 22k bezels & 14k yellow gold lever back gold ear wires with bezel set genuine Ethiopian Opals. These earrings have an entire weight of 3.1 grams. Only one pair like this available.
# # # # # # #
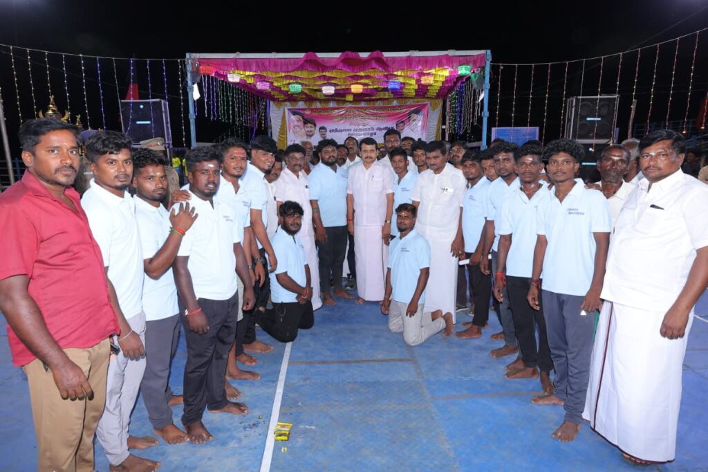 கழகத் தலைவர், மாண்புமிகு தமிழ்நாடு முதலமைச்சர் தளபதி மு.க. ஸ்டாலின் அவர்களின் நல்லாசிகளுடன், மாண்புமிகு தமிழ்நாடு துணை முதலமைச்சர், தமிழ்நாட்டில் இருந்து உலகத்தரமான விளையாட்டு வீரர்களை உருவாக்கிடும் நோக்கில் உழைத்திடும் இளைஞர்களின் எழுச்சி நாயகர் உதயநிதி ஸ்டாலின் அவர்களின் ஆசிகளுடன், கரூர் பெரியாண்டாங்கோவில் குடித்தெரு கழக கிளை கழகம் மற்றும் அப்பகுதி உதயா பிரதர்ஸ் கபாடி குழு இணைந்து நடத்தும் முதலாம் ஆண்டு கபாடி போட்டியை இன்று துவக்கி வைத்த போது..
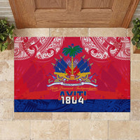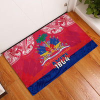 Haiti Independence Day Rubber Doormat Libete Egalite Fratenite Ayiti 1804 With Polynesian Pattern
# # # # # # #
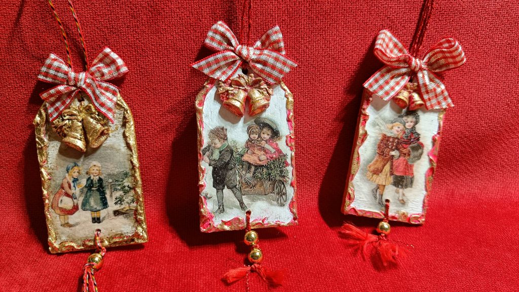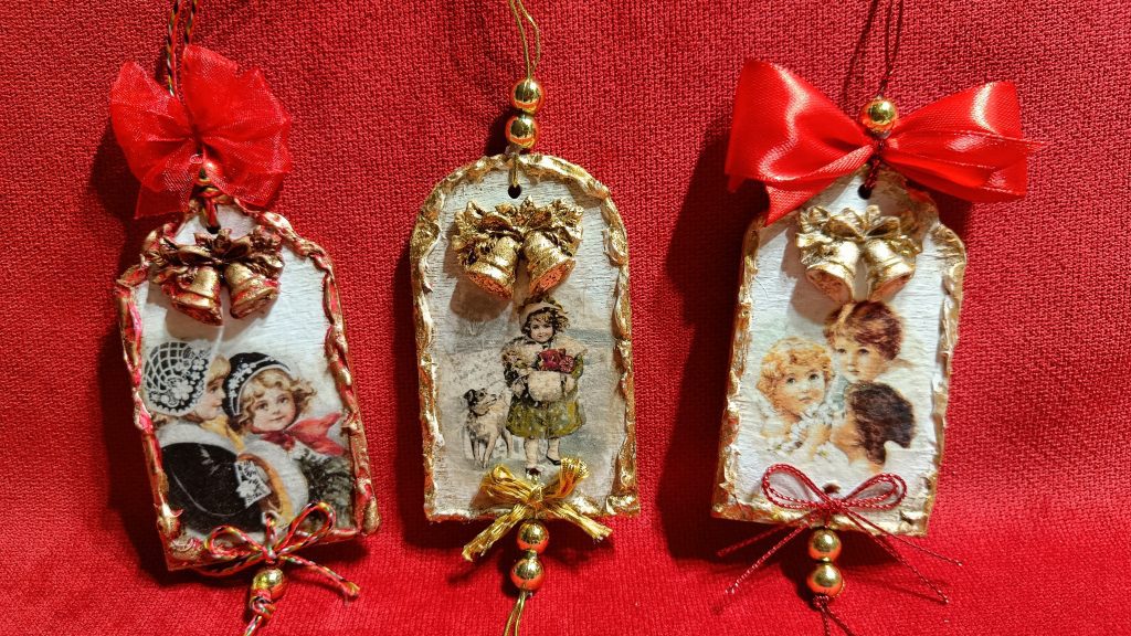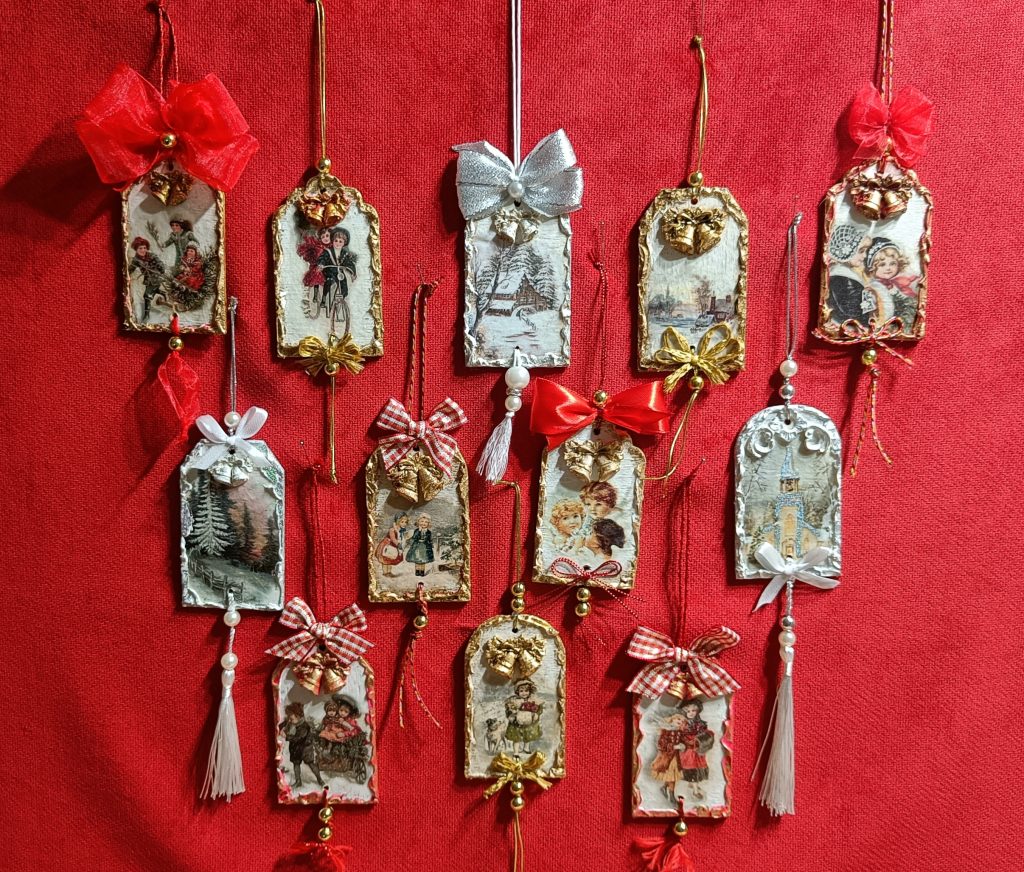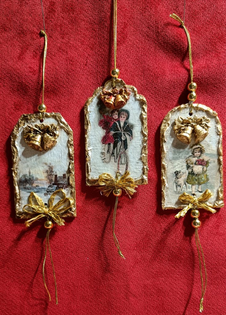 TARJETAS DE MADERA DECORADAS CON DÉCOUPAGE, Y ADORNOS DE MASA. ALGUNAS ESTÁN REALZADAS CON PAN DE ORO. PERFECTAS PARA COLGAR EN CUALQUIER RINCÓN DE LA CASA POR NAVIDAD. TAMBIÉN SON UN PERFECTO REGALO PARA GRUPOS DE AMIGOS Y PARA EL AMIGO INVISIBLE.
# # # # # # #
Exercise aim — Print, exactly, each line above from the one with "கழகத் தலைவர், மாண்புமிகு" to the one with "Haiti Independence Day", end lines included. Leave pictures out of it.

Output for this task —
 கழகத் தலைவர், மாண்புமிகு தமிழ்நாடு முதலமைச்சர் தளபதி மு.க. ஸ்டாலின் அவர்களின் நல்லாசிகளுடன், மாண்புமிகு தமிழ்நாடு துணை முதலமைச்சர், தமிழ்நாட்டில் இருந்து உலகத்தரமான விளையாட்டு வீரர்களை உருவாக்கிடும் நோக்கில் உழைத்திடும் இளைஞர்களின் எழுச்சி நாயகர் உதயநிதி ஸ்டாலின் அவர்களின் ஆசிகளுடன், கரூர் பெரியாண்டாங்கோவில் குடித்தெரு கழக கிளை கழகம் மற்றும் அப்பகுதி உதயா பிரதர்ஸ் கபாடி குழு இணைந்து நடத்தும் முதலாம் ஆண்டு கபாடி போட்டியை இன்று துவக்கி வைத்த போது..
 Haiti Independence Day Rubber Doormat Libete Egalite Fratenite Ayiti 1804 With Polynesian Pattern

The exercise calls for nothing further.